### Try it:
All of the data below should be printed again exactly, pictures excluded.

───── The data

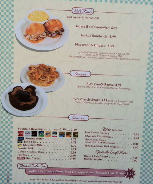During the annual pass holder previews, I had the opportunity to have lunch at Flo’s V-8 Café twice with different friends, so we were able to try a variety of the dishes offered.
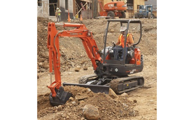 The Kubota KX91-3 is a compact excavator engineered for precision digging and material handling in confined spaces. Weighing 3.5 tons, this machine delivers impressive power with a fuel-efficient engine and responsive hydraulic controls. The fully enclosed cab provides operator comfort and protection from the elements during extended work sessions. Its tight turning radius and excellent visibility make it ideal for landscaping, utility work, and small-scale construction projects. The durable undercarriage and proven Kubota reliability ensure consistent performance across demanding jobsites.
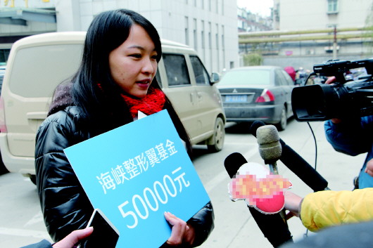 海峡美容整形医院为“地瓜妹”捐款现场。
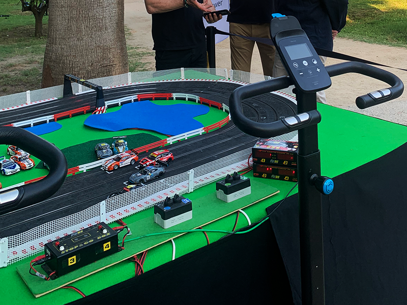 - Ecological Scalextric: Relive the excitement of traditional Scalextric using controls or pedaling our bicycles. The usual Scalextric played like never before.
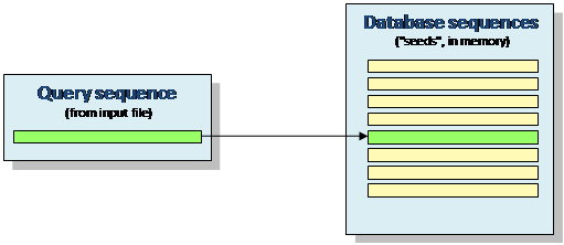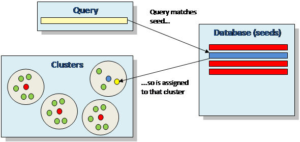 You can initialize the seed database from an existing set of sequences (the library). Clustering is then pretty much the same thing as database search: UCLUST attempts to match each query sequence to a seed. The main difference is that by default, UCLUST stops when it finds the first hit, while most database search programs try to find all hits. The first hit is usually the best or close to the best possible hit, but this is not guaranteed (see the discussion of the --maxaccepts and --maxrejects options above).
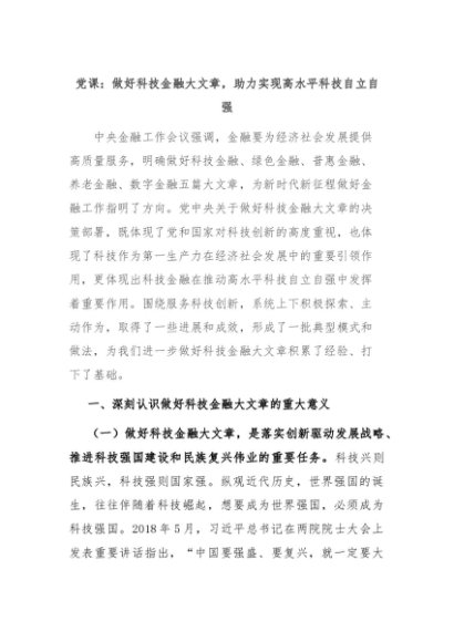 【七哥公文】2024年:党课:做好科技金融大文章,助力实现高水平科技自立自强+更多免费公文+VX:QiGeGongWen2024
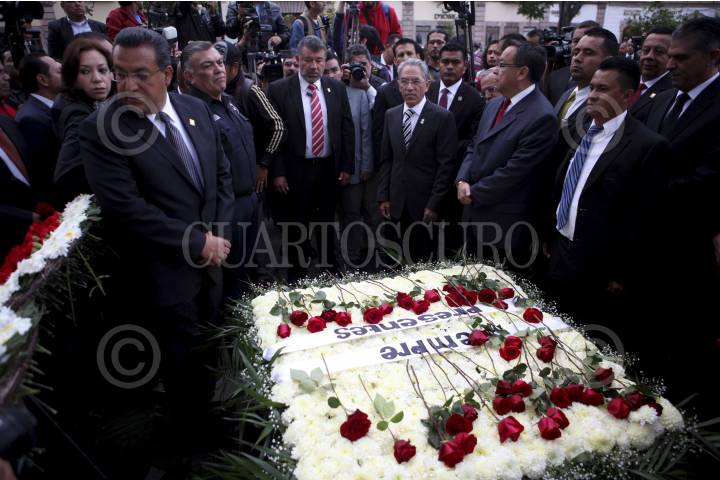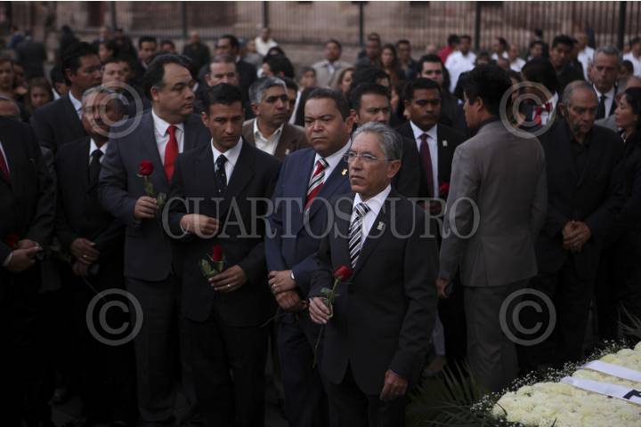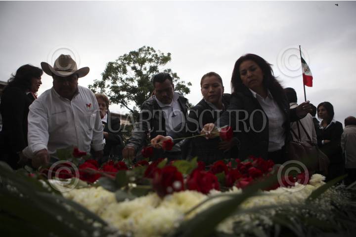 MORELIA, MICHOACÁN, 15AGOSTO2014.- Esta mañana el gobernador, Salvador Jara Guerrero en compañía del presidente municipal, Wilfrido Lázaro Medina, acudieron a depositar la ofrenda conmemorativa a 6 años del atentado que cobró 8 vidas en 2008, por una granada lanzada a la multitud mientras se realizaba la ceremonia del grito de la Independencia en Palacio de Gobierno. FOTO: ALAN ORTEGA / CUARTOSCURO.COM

──────────

### Your response:
During the annual pass holder previews, I had the opportunity to have lunch at Flo’s V-8 Café twice with different friends, so we were able to try a variety of the dishes offered.
 The Kubota KX91-3 is a compact excavator engineered for precision digging and material handling in confined spaces. Weighing 3.5 tons, this machine delivers impressive power with a fuel-efficient engine and responsive hydraulic controls. The fully enclosed cab provides operator comfort and protection from the elements during extended work sessions. Its tight turning radius and excellent visibility make it ideal for landscaping, utility work, and small-scale construction projects. The durable undercarriage and proven Kubota reliability ensure consistent performance across demanding jobsites.
 海峡美容整形医院为“地瓜妹”捐款现场。
 - Ecological Scalextric: Relive the excitement of traditional Scalextric using controls or pedaling our bicycles. The usual Scalextric played like never before.
 You can initialize the seed database from an existing set of sequences (the library). Clustering is then pretty much the same thing as database search: UCLUST attempts to match each query sequence to a seed. The main difference is that by default, UCLUST stops when it finds the first hit, while most database search programs try to find all hits. The first hit is usually the best or close to the best possible hit, but this is not guaranteed (see the discussion of the --maxaccepts and --maxrejects options above).
 【七哥公文】2024年:党课:做好科技金融大文章,助力实现高水平科技自立自强+更多免费公文+VX:QiGeGongWen2024
 MORELIA, MICHOACÁN, 15AGOSTO2014.- Esta mañana el gobernador, Salvador Jara Guerrero en compañía del presidente municipal, Wilfrido Lázaro Medina, acudieron a depositar la ofrenda conmemorativa a 6 años del atentado que cobró 8 vidas en 2008, por una granada lanzada a la multitud mientras se realizaba la ceremonia del grito de la Independencia en Palacio de Gobierno. FOTO: ALAN ORTEGA / CUARTOSCURO.COM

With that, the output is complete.